Overview

Research in the Immuno-Epigenetics Laboratory, led by Dr. William A. Faubion Jr., is focused on understanding and identifying the epigenetic landscape of immune cells. The group's perspective is that the immune system fails to regulate inflammation chronically manifested in the autoimmune inflammatory bowel diseases (IBDs), such as Crohn's disease (CD) and ulcerative colitis (UC).

Despite some genetic variation associated with IBD, environmental factors also have been shown to increase the risk of developing IBD. Epigenetics is the study of the heritable changes to gene expression without changing the DNA code. Environmental signals may influence the dynamics of these epigenetic changes leading to an inheritable alteration of gene expression. Thus, the overall goal of the lab is to understand how environmental factors influence immune cellular development and function through chromatin remodeling.

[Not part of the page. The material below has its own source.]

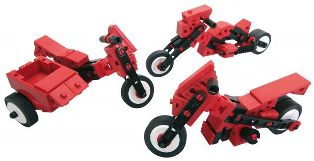 Конструктор для детей от 7 лет. Три модели мотоцикла, которые вы соберете, подойдут для всех - с коляской для двоих, групповой и мотоцикл на одного.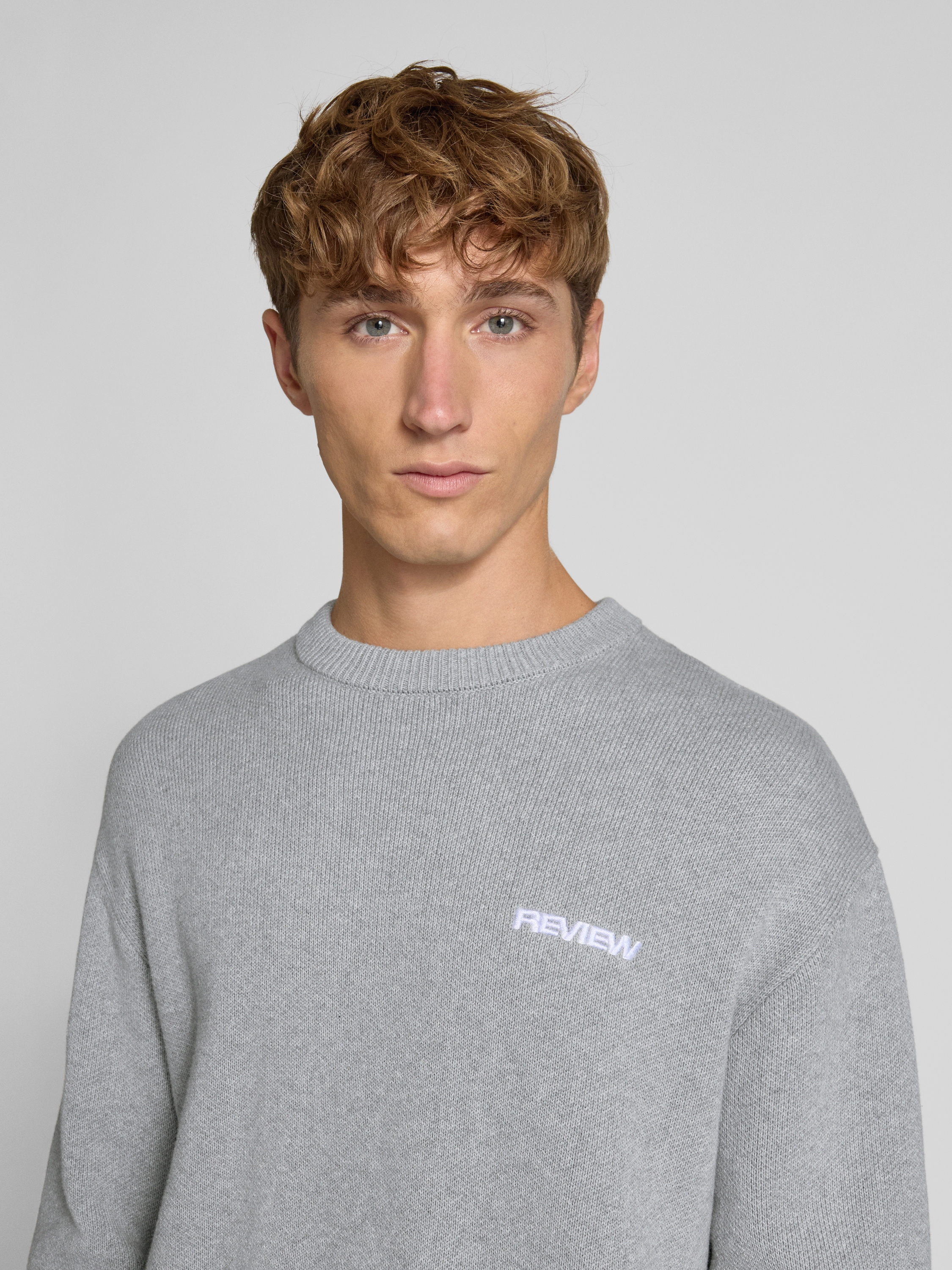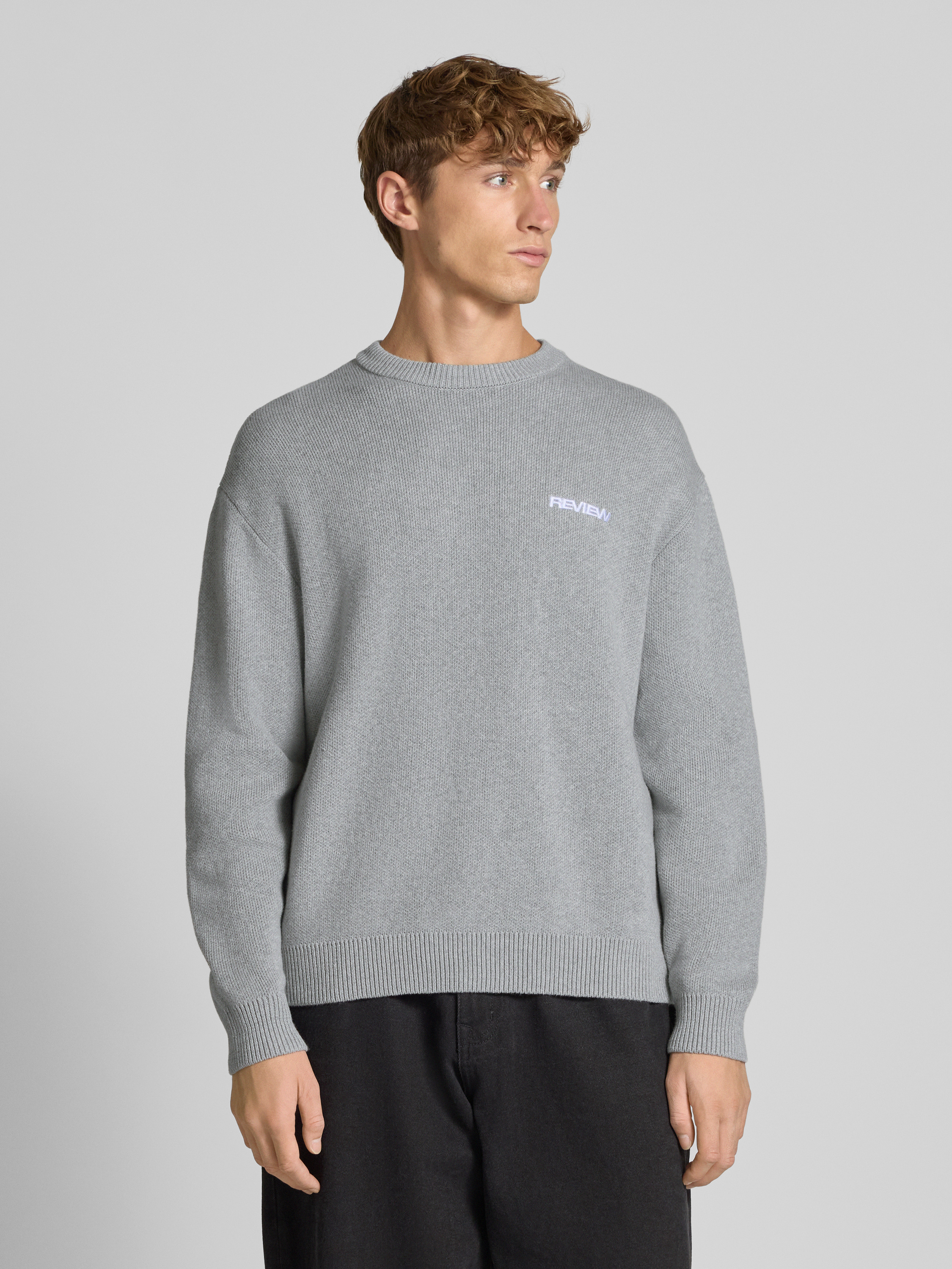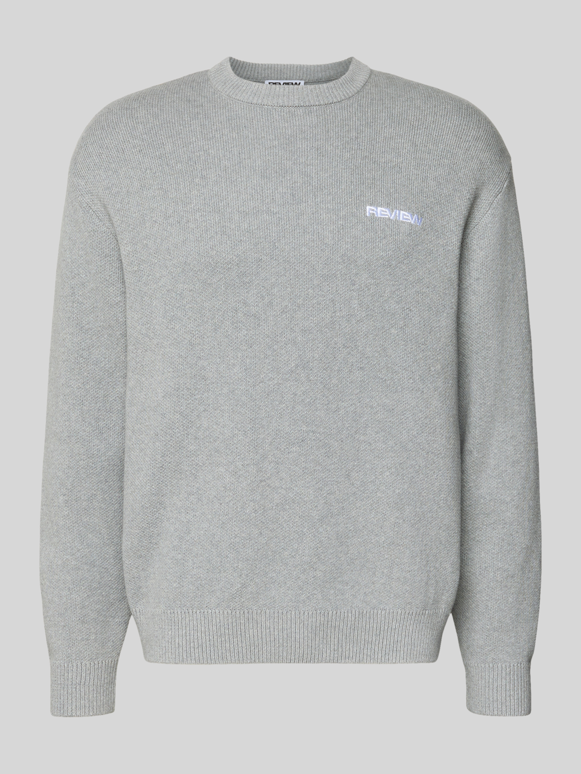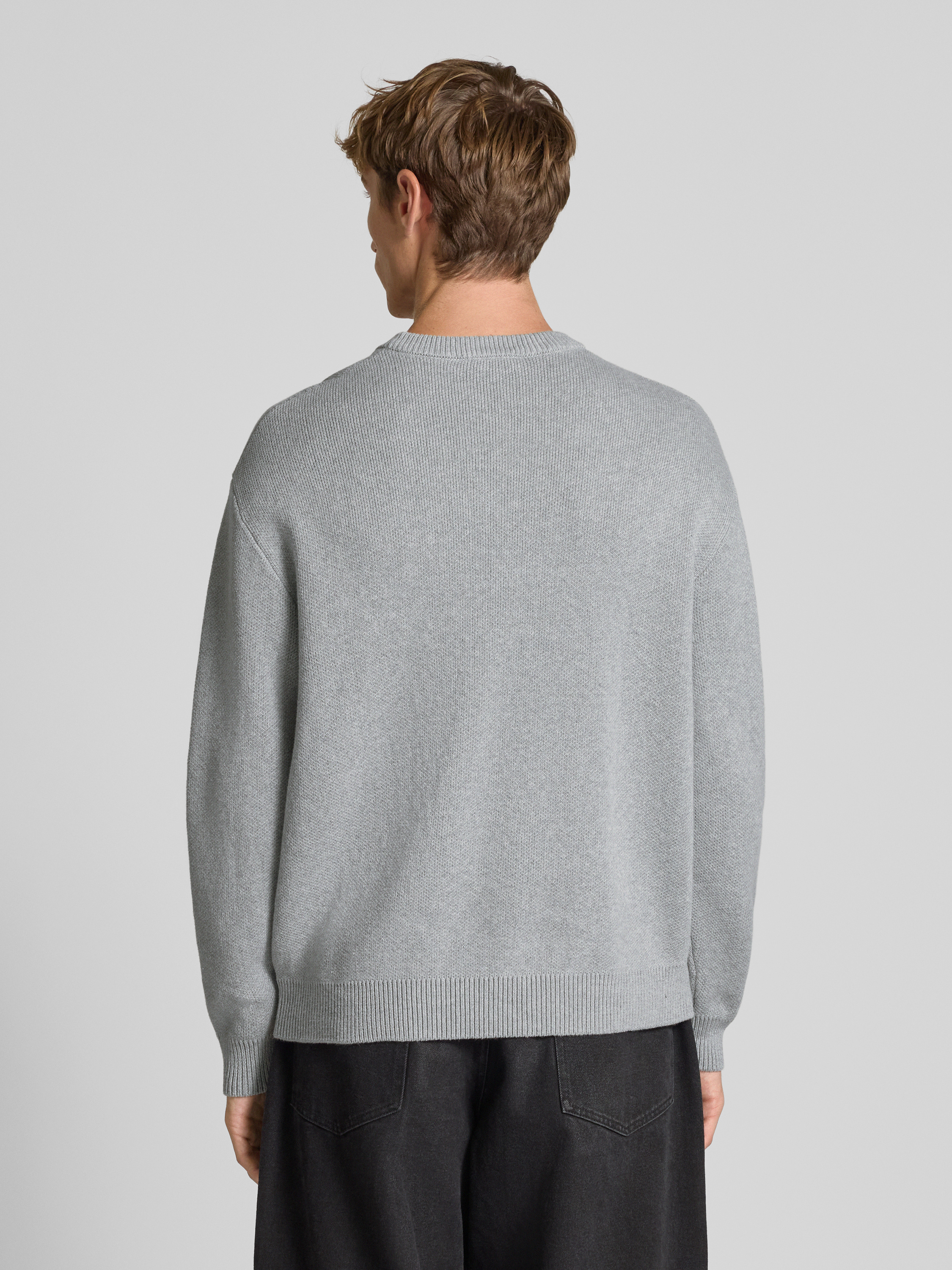 Gebreide pullover met labelstitching in lichtgrijs gemêleerd

Dr. Faubion's lab has previously found polycomb repressive complexes (PRCs) to be important in maintaining T-regulatory development and function. Loss of these complexes leads to severe colitis phenotype in mouse models and impaired regulatory function in in vitro experiments. His team also found forkhead box protein 3 (FOXP3) and enhancer of zeste homolog 2 (EZH2), a component of polycomb repressive complex 2 (PRC2), to be associated with deregulated pathways in CD4+ T cells isolated from lesions in people with Crohn's disease. This finding has propelled the current research projects into other epigenetic repressive complexes and cytokine-receptor signaling.

Research focus areas

Currently, the lab's goals include:

• Dissection of the epigenetic mechanisms of development and function of Treg and T-helper 17 (TH17) cells.
• Discovery of novel molecular mechanisms of IBD through integration of high-dimensional data sets.
• Optimization of Treg cells ex vivo for adoptive cell therapy.
• Development of novel therapies, particularly addressing TH17 cellular development.

Dr. Faubion's lab uses molecular and biochemical techniques, as well as high-throughput sequencing to provide an unbiased approach to discover molecular mechanisms driving IBD. This comprehensive approach will help lead us toward the development of new therapeutic targets.

In addition to these techniques, the lab is investigating clinically relevant epigenetic inhibitors, long noncoding RNAs (lncRNAs) and CRISPR-Cas9 technologies to characterize and modify regulatory T cells. The group aims to use this information to develop and offer more effective clinical therapies for people.

Key research findings include:

• Polycomb family members maintain repressive function of Treg cells.
• Inflammatory signals lead to pro-inflammatory gene transcription in Treg cells through disruption of the FOXP3-EZH2 complex.
• Novel lncRNA regulate T cell effector phenotype.
• Autologous mesenchymal stem cell (MSC) therapy is effective in perianal Crohn's disease.

About Dr. Faubion

William A. Faubion Jr., M.D., is the research and innovation chair for Mayo Clinic's Department of Medicine, and a professor of immunology, medicine and pediatrics at Mayo Clinic College of Medicine and Science in Rochester, Minnesota. Dr. Faubion also directs the Multidisciplinary Training in Digestive Diseases program and the Clinician-Investigator Training Program.